In this tutorial, we discover how to apply post-training quantization to an instruction-tuned language mannequin using llmcompressor. We begin with an FP16 baseline and then examine a number of compression methods, together with FP8 dynamic quantization, GPTQ W4A16, and SmoothQuant with GPTQ W8A8. Along the way in which, we benchmark every mannequin variant for disk measurement, technology latency, throughput, perplexity, and output high quality. We additionally put together a reusable calibration dataset, save compressed mannequin artifacts, and examine how every recipe adjustments sensible inference habits. By the tip, we get a sensible understanding of how totally different quantization strategies have an effect on mannequin effectivity, deployment readiness, and efficiency trade-offs. [Codes with Notebook]

Copy Code

import subprocess, sys
def pip(*pkgs):
   subprocess.check_call([sys.executable, "-m", "pip", "install", "-q", *pkgs])
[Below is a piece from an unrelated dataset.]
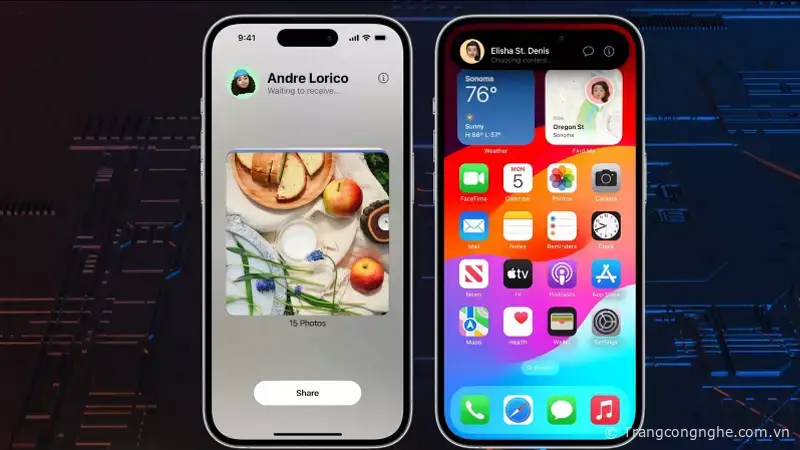 Cũng giống như tính năng NameDrop, việc tiếp cận giữa hai iPhone cho phép người dùng chia sẻ nội dung như ảnh và tệp tin khác thông qua AirDrop. Bằng cách đơn giản đưa hai điện thoại iPhone gần nhau, quá trình truyền dữ liệu qua AirDrop sẽ tự động bắt đầu, loại bỏ hoàn toàn yêu cầu hiện tại của việc thủ công lựa chọn người nhận từ danh sách AirDrop trong bảng chia sẻ.

pip("llmcompressor", "compressed-tensors",
   "transformers>=4.45", "speed up", "datasets")
import os, gc, time, json, math
from pathlib import Path
import torch
from transformers import AutoModelForCausalLM, AutoTokenizer
from datasets import load_dataset
assert torch.cuda.is_available(), 
   "Enable a GPU: Runtime > Change runtime kind > T4 GPU"
print("GPU:", torch.cuda.get_device_name(0),
     "| CUDA:", torch.model.cuda,
     "| torch:", torch.__version__)
MODEL_ID = "Qwen/Qwen2.5-0.5B-Instruct"
WORKDIR = Path("/content material/quant_lab"); WORKDIR.mkdir(exist_ok=True)
os.chdir(WORKDIR)
def free_mem():
   gc.acquire(); torch.cuda.empty_cache()
def dir_size_gb(path):
   complete = 0
   for root, _, recordsdata in os.stroll(path):
       for f in recordsdata:
           complete += os.path.getsize(os.path.be a part of(root, f))
   return complete / 1e9
def time_generation(mannequin, tok, immediate, max_new_tokens=64):
   """Greedy decode; reviews latency & tokens/sec after a quick warmup."""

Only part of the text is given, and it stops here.